There are a number of other suggestions for the origin of the word. Some Chinese and Indian scholars argued for the state of Jing (荆) as the likely origin of the name, while other theories suggest it is derived from Zina, the endonym of the inhabitants of Yelang.

==Hindu religious texts==
===Mahabharata===

The Sanskrit epic work Mahabharata contains certain references to China, referring to its people as the China tribe.

In the Mahabharata, the Chinas appear together with the Kiratas among the armies of King Bhagadatta of Pragjyotisa (Assam). In the Sabhaparvan, the same king is said to be surrounded by the Kiratas, and the Cinas. Also in the Bhismaparvan, the army of Bhagadatta is said to consist of the Kirtas and the "yellow-coloured" Cinas. Bhishamaparva of Mahabharata also lists the Chinas with the mlechha tribes of the north like the Yavanas, Kambojas, Kuntalas, Hunas, Parasikas, Darunas, Ramanas, Dasamalikas. Shantiparvan of Mahabharata groups the Chinas with the tribes of the Uttarapatha, viz. the Yavanas, Kiratas, Gandharas, Shabras, Barbaras, Shakas, Tusharas, Kanakas, Pahlavas, Sindhus, Madrakas, Ramathas, and the Kambojas and states them to be living the lives of Dasyus. These verses of the epic expect these tribes to perform certain duties which are different from those performed by the Brahmanas, Kshatriyas, Vaishyas, and Shudras. Vanaparvan of the Mahabharata states that the territory of the Chinas can be reached by a land-route across the country of the Kiratas in the mountain regions of the north.

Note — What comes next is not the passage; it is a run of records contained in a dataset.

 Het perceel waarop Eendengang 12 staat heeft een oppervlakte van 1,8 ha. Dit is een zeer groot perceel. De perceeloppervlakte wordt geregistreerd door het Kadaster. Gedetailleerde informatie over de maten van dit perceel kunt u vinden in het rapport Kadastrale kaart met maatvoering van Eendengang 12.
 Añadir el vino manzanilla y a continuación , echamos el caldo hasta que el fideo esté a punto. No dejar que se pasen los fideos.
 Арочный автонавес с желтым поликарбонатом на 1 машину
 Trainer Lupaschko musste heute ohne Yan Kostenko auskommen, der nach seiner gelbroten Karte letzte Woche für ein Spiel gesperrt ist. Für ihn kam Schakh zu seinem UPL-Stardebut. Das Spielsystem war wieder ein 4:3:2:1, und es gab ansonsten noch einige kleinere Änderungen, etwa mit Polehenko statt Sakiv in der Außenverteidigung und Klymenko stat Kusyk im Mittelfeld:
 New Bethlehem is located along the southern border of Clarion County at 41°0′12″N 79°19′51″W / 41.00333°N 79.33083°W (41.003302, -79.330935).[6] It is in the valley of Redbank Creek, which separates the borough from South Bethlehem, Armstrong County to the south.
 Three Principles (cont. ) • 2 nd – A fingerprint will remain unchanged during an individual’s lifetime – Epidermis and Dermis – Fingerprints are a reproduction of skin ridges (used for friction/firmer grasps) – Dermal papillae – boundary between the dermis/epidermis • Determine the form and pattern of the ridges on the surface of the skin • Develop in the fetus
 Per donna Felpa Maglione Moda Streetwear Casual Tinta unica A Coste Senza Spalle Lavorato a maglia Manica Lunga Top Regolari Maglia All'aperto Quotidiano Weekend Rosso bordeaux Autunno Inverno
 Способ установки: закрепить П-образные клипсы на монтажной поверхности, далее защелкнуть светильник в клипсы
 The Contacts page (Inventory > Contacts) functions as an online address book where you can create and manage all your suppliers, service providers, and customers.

China is mentioned as one among the northern kingdoms in Mahabharata, Book 6, chapter 9: –Among the tribes of the north are the Mlecchas, and the Kruras, the Yavanas, the Chinas, the Kambojas, the Darunas, and many Mleccha tribes; the Sukritvahas, the Kulatthas, the Hunas, the Parasikas, the Ramanas, and the Dasamalikas.

Chinas were mentioned along with Chivukas and Pulindas and Khasas, Hunas, Pahlavas, Sakas, Yanavas, Savaras, Paundras, Kiratas, Kanchis, Dravidas, Sinhalas and Keralas. Here they were described as the protectors of sage Vasistha and his cow against the attack of king Viswamitra. (1,177)

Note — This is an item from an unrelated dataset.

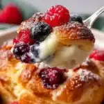 A decadent bread pudding-style bake featuring buttery croissants and a medley of juicy berries, all soaked in a creamy custard.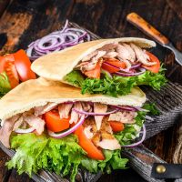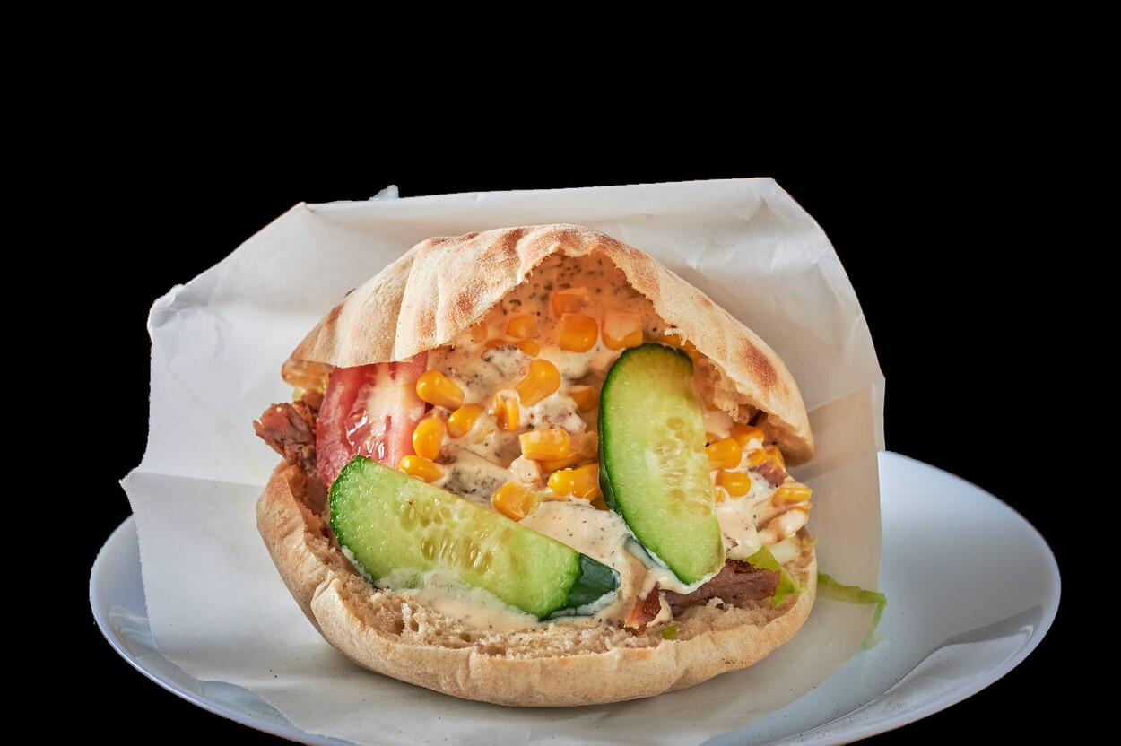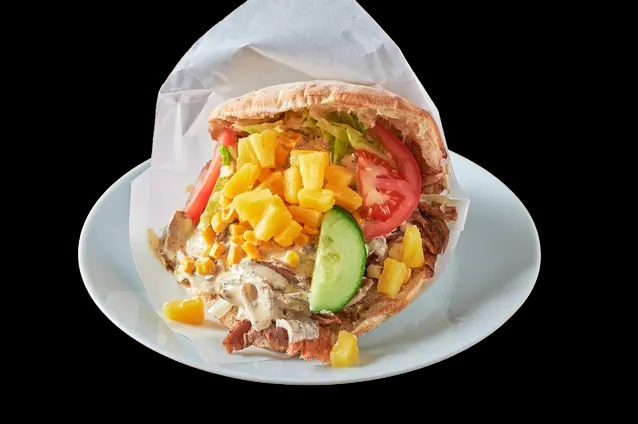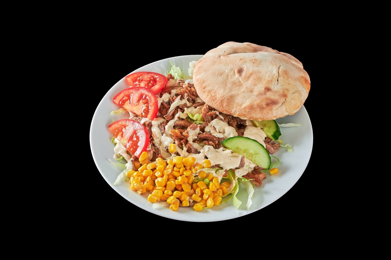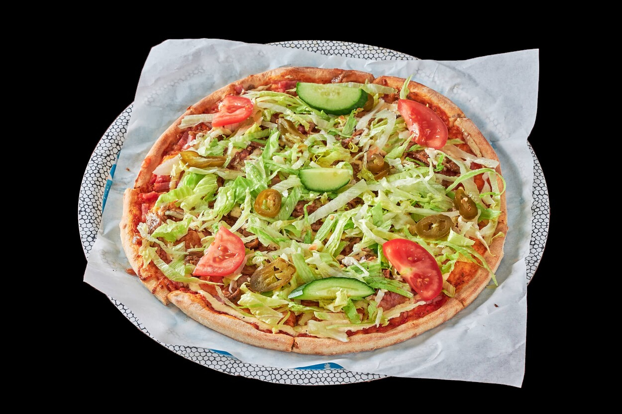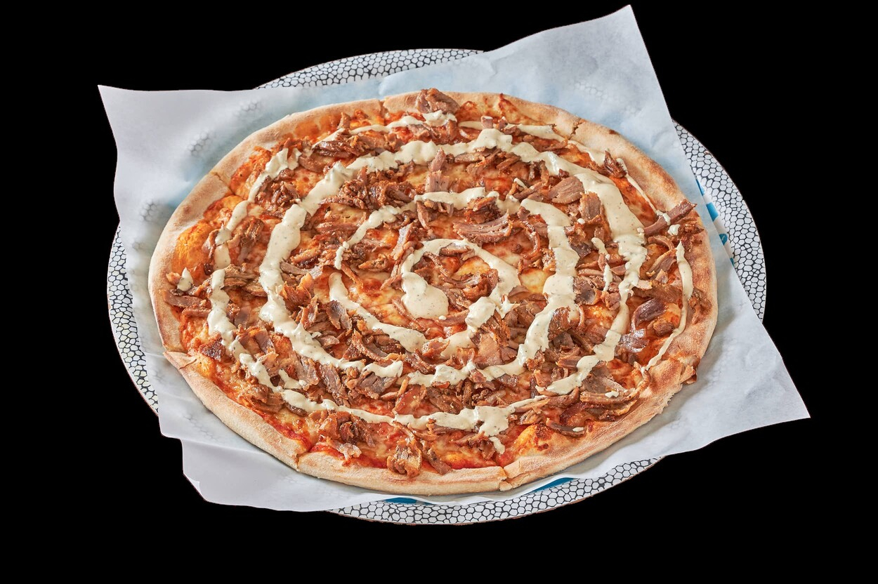 Med tomatsaus, ost, kebabkjøtt...

Pahlavas and the Daradas, the various tribes of the Kiratas, Yanavas, Sakas, Harahunas, Chinas, Tusharas, Sindhavas, Jagudas, Ramathas and the Mundas, as well as the inhabitants of the kingdom of women, Tanganas, Kekayas, Malavas and the inhabitants of Kasmira were mentioned at (3,51) as bringing tribute to the Pandava king Yudhishthira.

The Yanavas, the Kiratas, the Gandharvas, the Chinas, the Savaras, the Barbaras, the Sakas, the Tusharas, the Kankas, the Pathavas, the Andhras, the Madrakas, the Paundras, the Pulindas, the Ramathas, the Kambojas were mentioned together as tribes beyond the kingdoms of Aryavarta. The Aryavarta kings had doubts about dealing with them. (12,64)

China is mentioned in the travel-descriptions of the Pandavas. The passage below, describes these Chinas, to be located somewhere in the high Himalayas: Mahabharata book 3, chapter 176 (MBh 3.176): "Leaving the place called Badari (Badrinath in Uttarakhand) and crossing the difficult Himalayan regions, and leaving behind them, the countries of China, Tukhara, Darada and all the climes of Kulinda, rich in heaps of jewels, those warlike men, viz. the Pandavas, reached the capital of Suvahu, the king of Pulindas (Kiratas)."

Bhima mentions a "China king" Dhautamulaka, who caused the destruction of his own race (5,74). The name "Dhautamulaka" translates to "clean root", and might be a reference to the last Xia emperor Jie (1728–1675 BC).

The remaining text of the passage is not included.